One Day at a Time

Today was one of those hands-on, nonstop days where time seems to fly by. I tackled a major project in the elevator motor room—repairing a large section of drywall that had molded over time. It was extensive work; I had to run to Lowe’s for materials, cut the drywall to size, clean up the area, apply spackling, and make sure everything was primed for the next steps. Handling a project of that scale in a single day felt like a big win. And to be honest, the work itself wasn’t bad at all—just the sort that keeps you so occupied that hours slip away unnoticed.

Tomorrow, I’ll need to restock supplies, this time using my new company charge card. It’s a bit surreal to think about; here I am, fully responsible for a significant position and trusted to manage projects, materials, and expenses. Sometimes it hits me just how far I’ve come, and I can’t help but feel like I’m finally stepping into a new phase—one where I’m a “real” adult, shaping things and moving forward with real accountability.

Something else struck me today too. I realized that I hadn’t thought much about Katarina or felt that familiar pang of missing her. There’s a sense of finality now, an understanding of who she is and the lifestyle she’s chosen, and it’s helped me let go in a way I didn’t think was possible.

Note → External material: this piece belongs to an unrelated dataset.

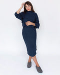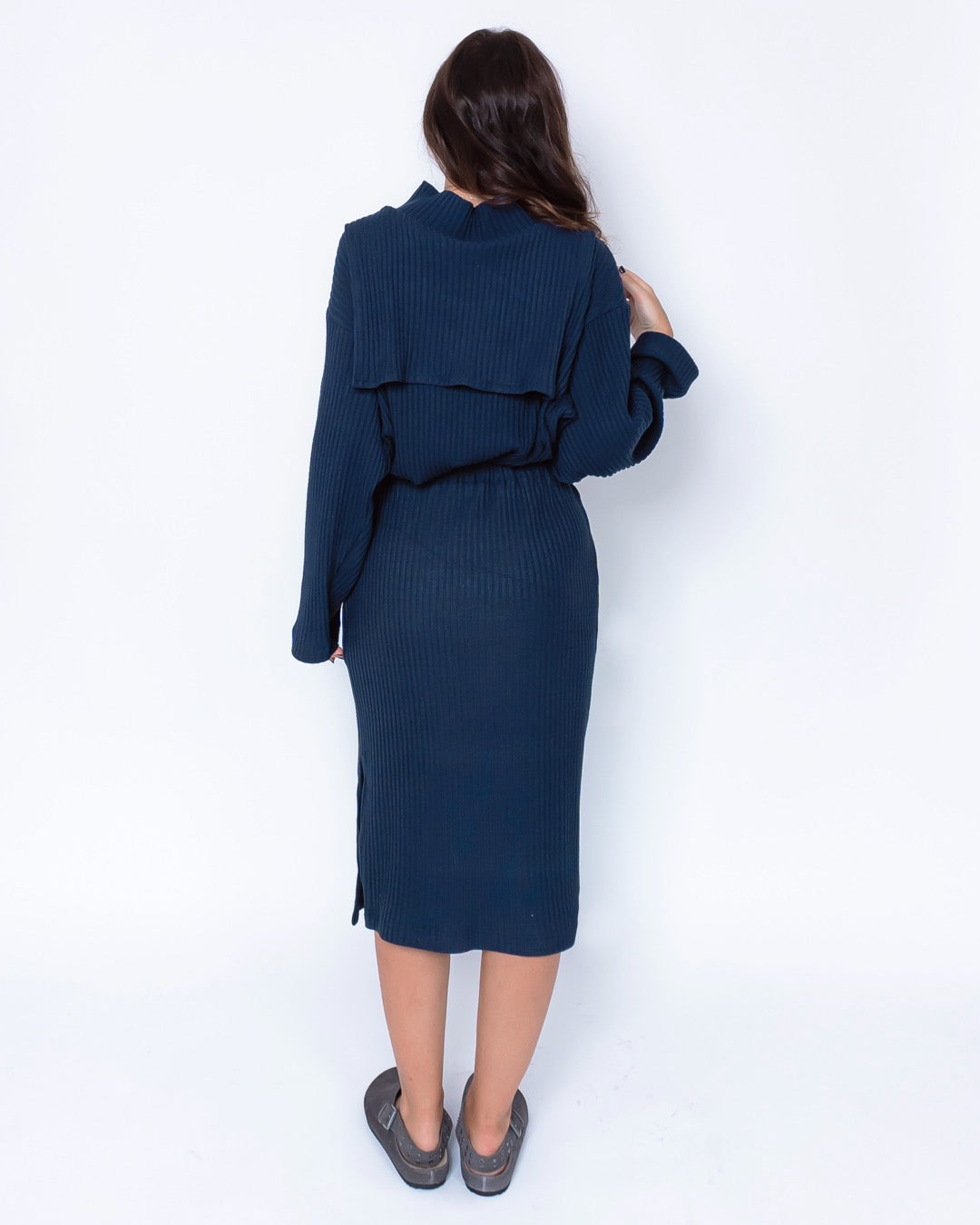 Con cuello alto elegante, detalle de pieza frontal y trasera, corte midi y holgado que estiliza y un punto canalé atemporal, está pensado para acompañarte en mil planes (desde la oficina hasta una cena improvisada).

For the longest time, I couldn’t fully accept the person she’d become; it just didn’t make sense to me. But today, I felt a strange calm in knowing that her choices don’t need to affect me anymore.

Reflecting on it, I’m glad I no longer have to be around that version of her. The woman she turned into is someone I’d never choose to associate with. It’s hard to believe, but she changed in ways that just don’t align with who I am or what I value. She treated me poorly, consistently making me feel small or unworthy, and as painful as it was, this distance has shown me the truth of who she wants to be. And that person? It’s not someone I want in my life.

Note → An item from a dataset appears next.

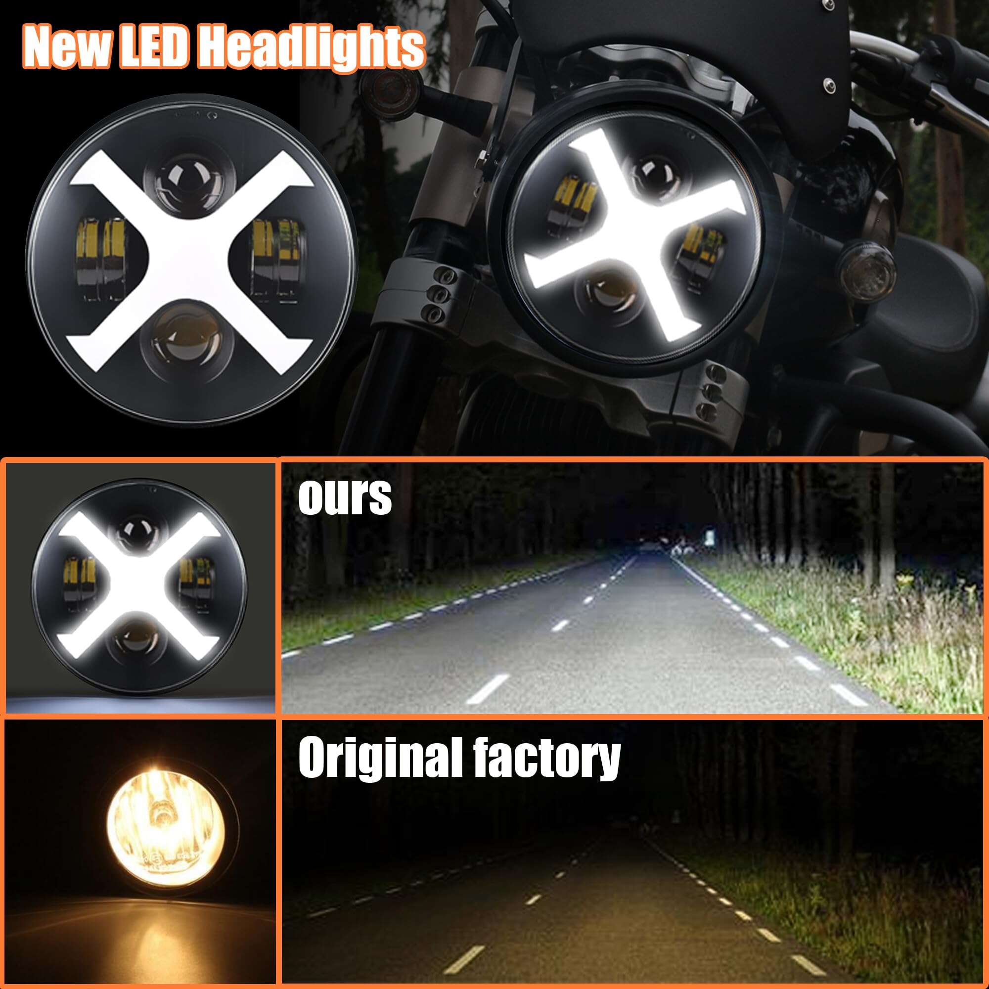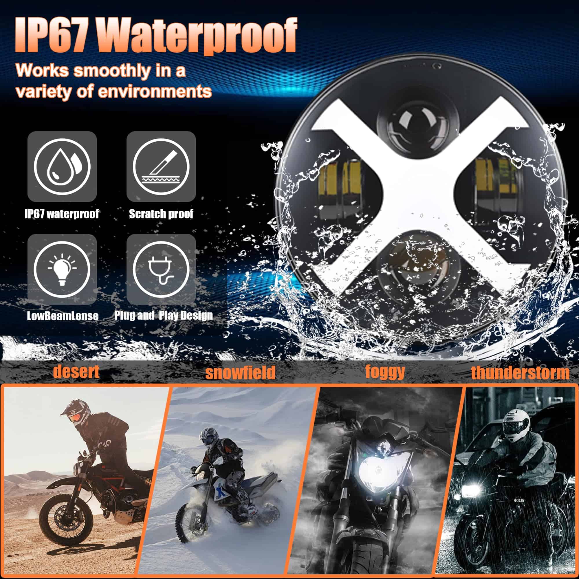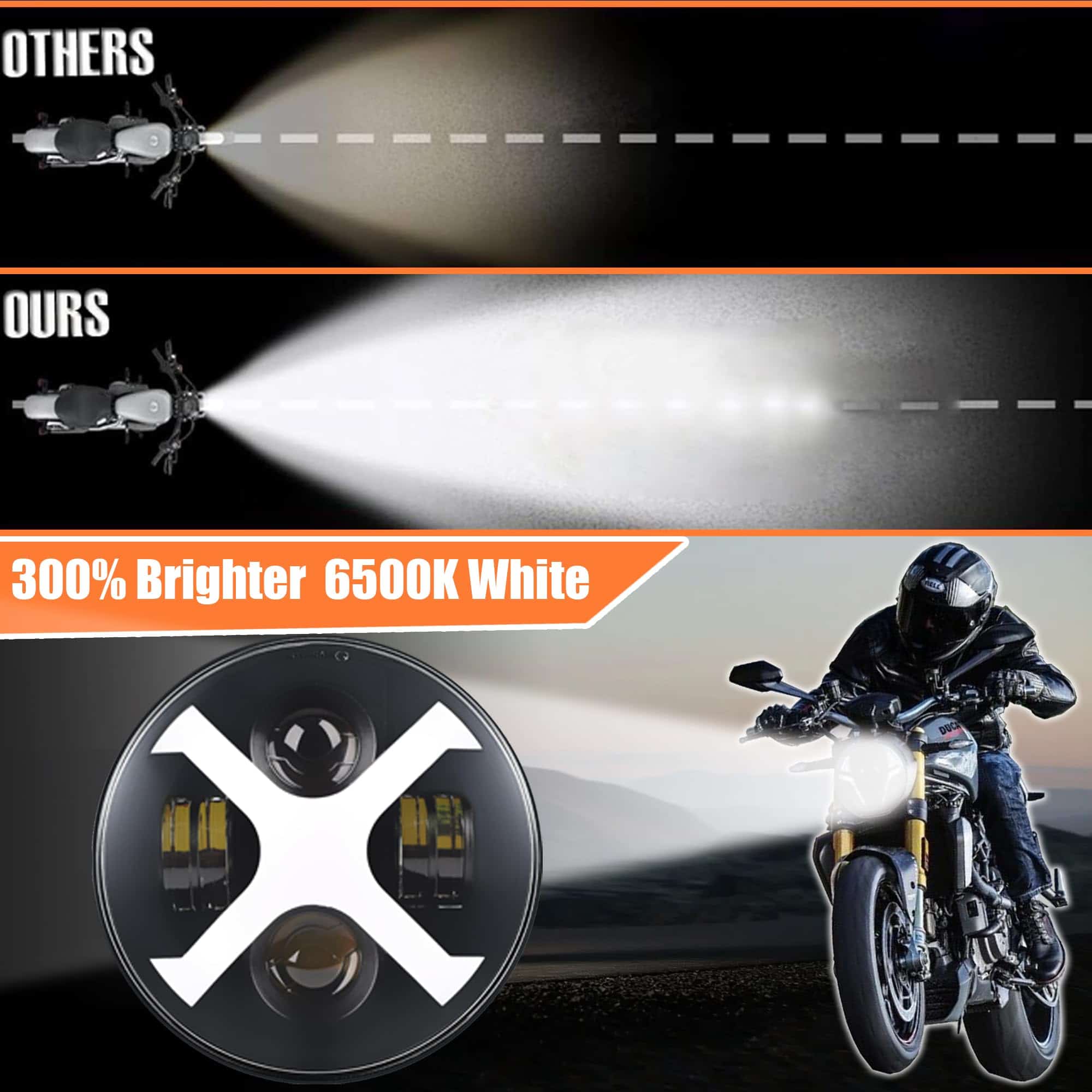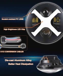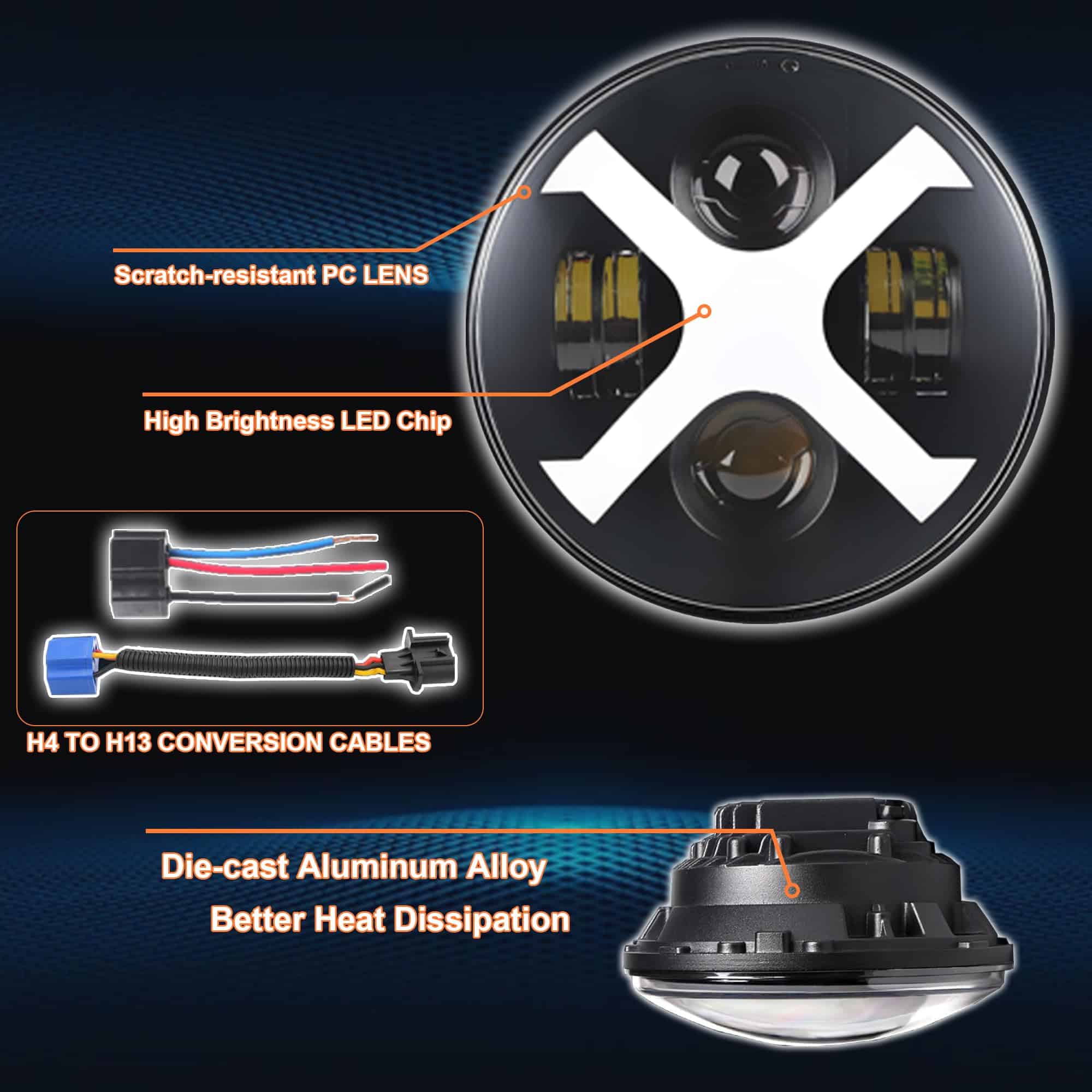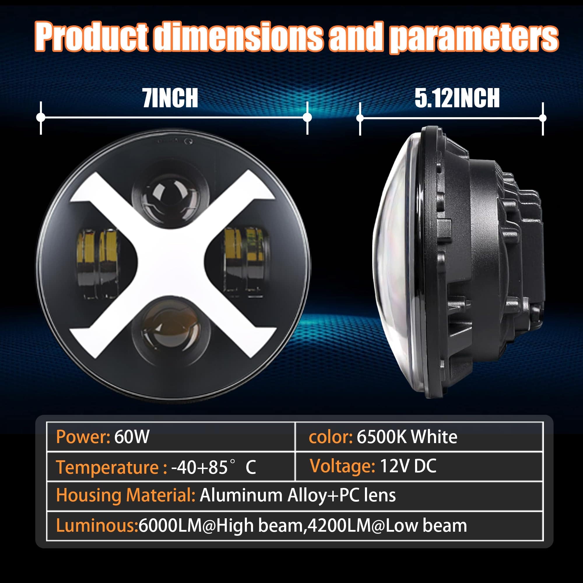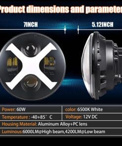 Los faros delanteros de motocicleta de 7 pulgadas LED han sido diseñados con materiales de alta calidad y una excelente disipación de calor para una larga vida útil. Incorporan luces LED de alta potencia que ofrecen un brillo máximo de hasta 6,000 lm, iluminando la carretera de manera más efectiva. Su diseño único de luces diurnas en forma de X no solo mejora la visión durante el día, sino que también agrega un aspecto dinámico y moderno a su motocicleta. Resistente al agua y ligero, puede ser utilizado en diversas condiciones climáticas sin afectar su rendimiento. Además, su instalación es sencilla y directa, adaptándose a la mayoría de las motocicletas.

I understand that this is her choice, her path, and maybe she’s even happy with it. But for me, I’ve made peace with not being a part of it. There’s sadness, of course, and sometimes I wonder if this was always part of who she was, hidden beneath layers I never saw. Maybe it was there all along; maybe it grew over time. Who knows? But one thing I’m sure of: each day, it’s a little easier to move on, and I’m grateful for that.

And just like that, another day comes to a close.